WORK TO COMPLETE: Please write out the listing exactly, leaving each picture out.

RECORD SET:
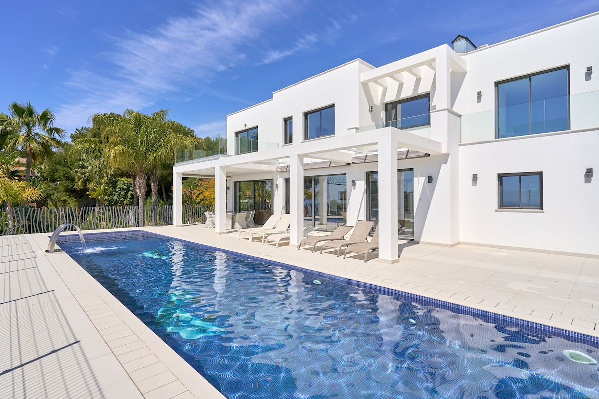 Villa de lujo: piscina climatizada y vistas al mar, cerca de la playa
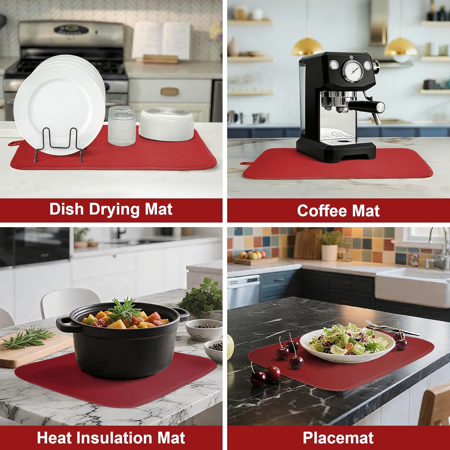 2 Pack Dish Drying Mat for Kitchen Counter, Super Absorbent & Anti-Slip, Machine Washable, 15" x 20" (Red)
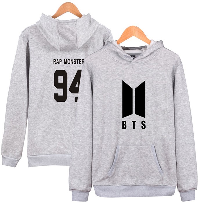 BTS2017新专辑LOGO标志灰色长袖加绒抓绒料带帽子头套卫衣RAP-MONSTER-2件起批-M--L--XL--XXL--XXXL
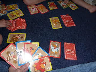 This last game was a bit different and requires fast hands and fast thinking! I set this up so each player played on their own discard pile.
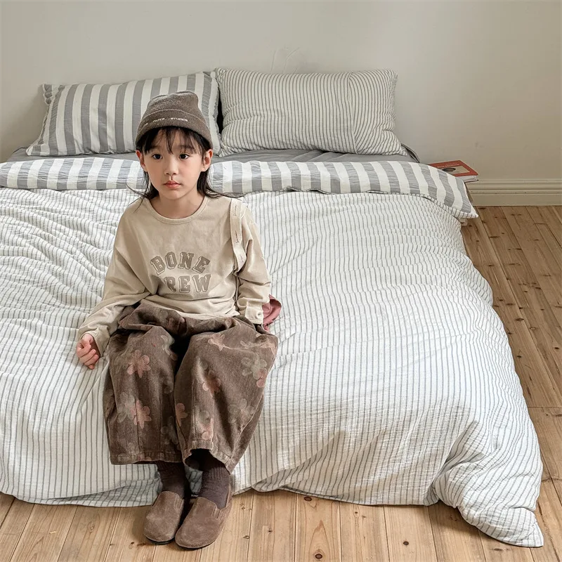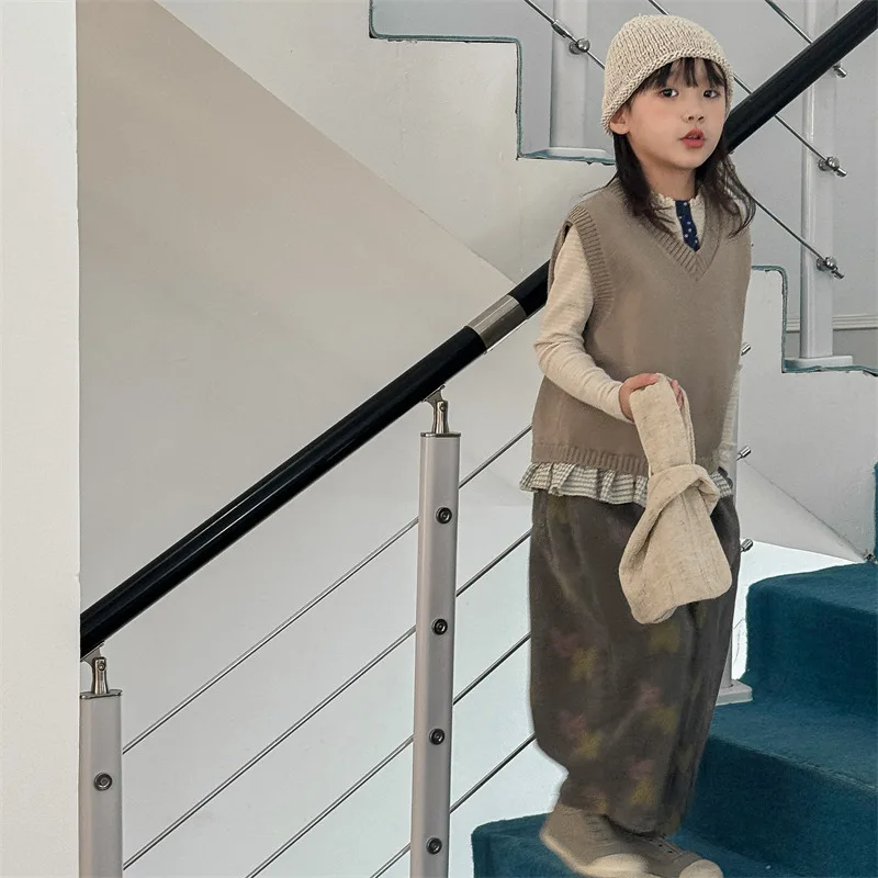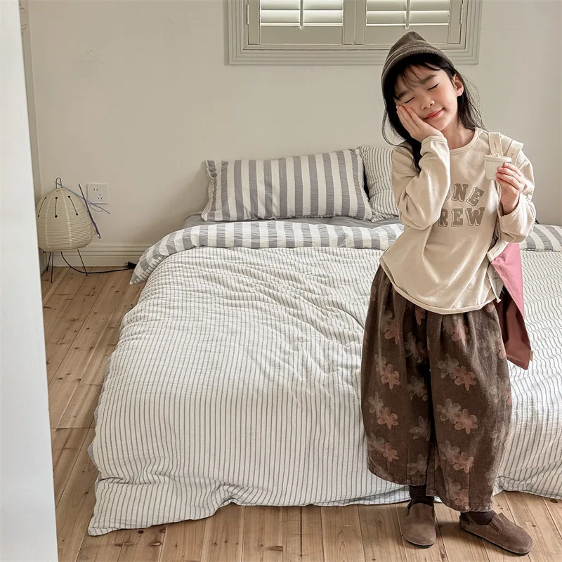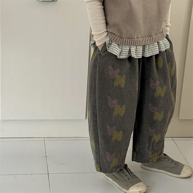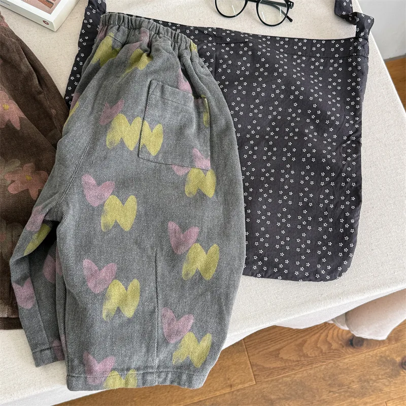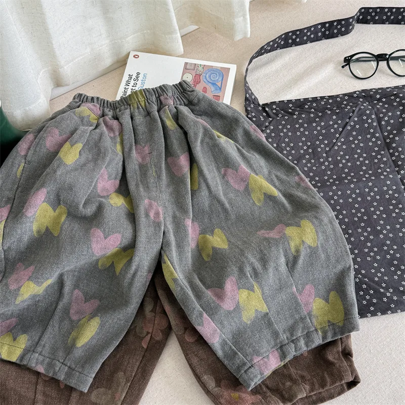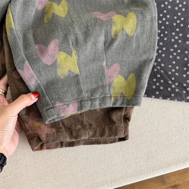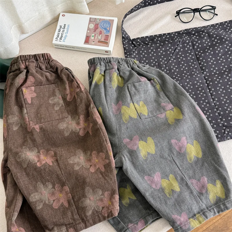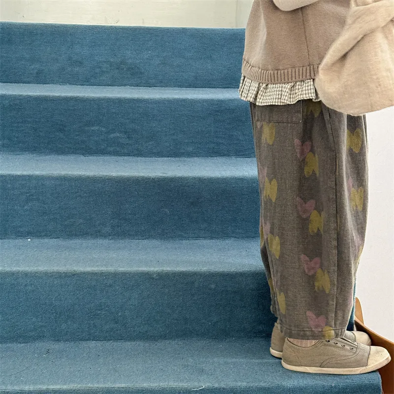 #キッズパンツ #レトロフラワープリント #ルーズワイドパンツ #子供服 #カジュアルスタイル #コットンパンツ

ANSWER TO THIS PROBLEM:
 Villa de lujo: piscina climatizada y vistas al mar, cerca de la playa
 2 Pack Dish Drying Mat for Kitchen Counter, Super Absorbent & Anti-Slip, Machine Washable, 15" x 20" (Red)
 BTS2017新专辑LOGO标志灰色长袖加绒抓绒料带帽子头套卫衣RAP-MONSTER-2件起批-M--L--XL--XXL--XXXL
 This last game was a bit different and requires fast hands and fast thinking! I set this up so each player played on their own discard pile.
 #キッズパンツ #レトロフラワープリント #ルーズワイドパンツ #子供服 #カジュアルスタイル #コットンパンツ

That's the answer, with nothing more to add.